IV
Львов, женатый на Натали, сестре Кити, всю свою жизнь провел
в столицах и за границей, где он и воспитывался и служил дипломатом.
В прошлом году он оставил дипломатическую службу, не по
неприятности (у него никогда ни с кем не бывало неприятностей), и перешел на
службу в дворцовое ведомство в Москву, для того чтобы дать наилучшее воспитание
своим двум мальчикам.
Несмотря на самую резкую противоположность в привычках и во
взглядах и на то, что Львов был старше Левина, они в эту зиму очень сошлись и
полюбили друг друга.
Львов был дома, и Левин без доклада вошел к нему.
Львов в длинном сюртуке с поясом и замшевых ботинках сидел
на кресле и в pince-nez с синими стеклами читал книгу, стоявшую на пюпитре,
осторожно на отлете держа красивою рукой до половины испеплившуюся сигару.
Прекрасное, тонкое и молодое еще лицо его, которому курчавые
блестящие серебряные волосы придавали еще более породистое выражение, просияло
улыбкой, когда он увидел Левина.
– Отлично! А я хотел к вам посылать. Ну, что Кити?
Садитесь сюда, спокойнее… – Он встал и подвинул качалку. – Читали
последний циркуляр в «Journal de St.-P étersbourg» [230]? Я нахожу –
прекрасно, – сказал он с несколько французским акцентом.

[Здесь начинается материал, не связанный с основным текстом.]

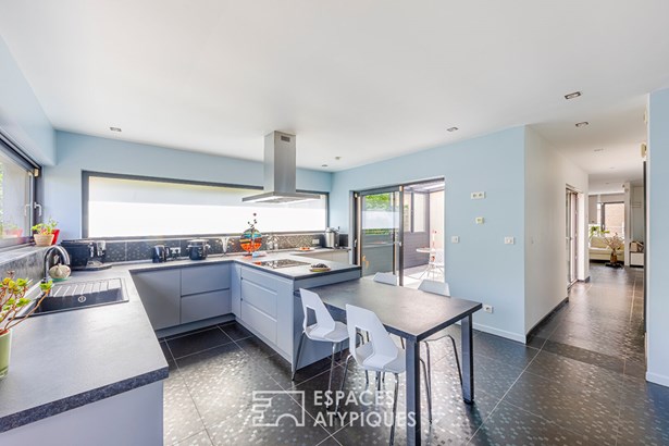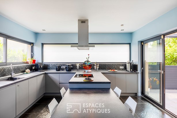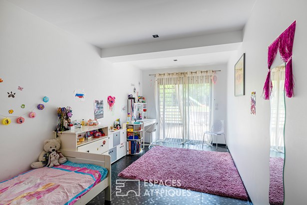 Far from the beaten track, this cubic house with clean lines and resolutely modern offers all the standards of the genre: flat roof, large bay windows, minimalist style, where raw concrete rubs shoulders with steel and glass.

Левин рассказал слышанное от Катавасова о том, что говорят в
Петербурге, и, поговорив о политике, рассказал про свое знакомство с Метровым и
поездку в заседание. Львова это очень заинтересовало.
– Вот я завидую вам, что у вас есть входы в этот
интересный ученый мир, – сказал он. И, разговорившись, как обыкновенно,
тотчас же перешел на более удобный ему французский язык. – Правда, что мне
и некогда. Моя и служба и занятия детьми лишают меня этого; а потом я не
стыжусь сказать, что мое образование слишком недостаточно.
– Этого я не думаю, – сказал Левин с улыбкой и,
как всегда, умиляясь на его низкое мнение о себе, отнюдь не напущенное на себя
из желания казаться или даже быть скромным, но совершенно искреннее.
– Ах, как же! Я теперь чувствую, как я мало образован.
Мне для воспитания детей даже нужно много освежить в памяти и просто выучиться.
Потому, что мало того, чтобы были учителя, нужно, чтобы был наблюдатель, как в
вашем хозяйстве нужны работники и надсмотрщик. Вот я читаю, – он показал
грамматику Буслаева[231],
лежавшую на пюпитре, – требуют от Миши, и это так трудно… Ну вот объясните
мне. Здесь он говорит…
Левин хотел объяснить ему, что понять этого нельзя, а надо
учить; но Львов не соглашался с ним.
– Да, вот вы над этим смеетесь!
– Напротив, вы не можете себе представить, как, глядя
на вас, я всегда учусь тому, что мне предстоит, – именно воспитанию детей.
– Ну, уж учиться-то нечему, – сказал Львов.
– Я только знаю, – сказал Левин, – что я не
видал лучше воспитанных детей, чем ваши, и не желал бы детей лучше ваших.
Львов, видимо, хотел удержаться, чтобы не высказать своей
радости, но так и просиял улыбкой.
– Только бы были лучше меня. Вот все, чего я желаю. Вы
не знаете еще всего труда, – начал он, – с мальчиками, которые, как
мои, были запущены этою жизнью за границей.
– Это все нагоните. Они такие способные дети. Главное –
нравственное воспитание. Вот чему я учусь, глядя на ваших детей.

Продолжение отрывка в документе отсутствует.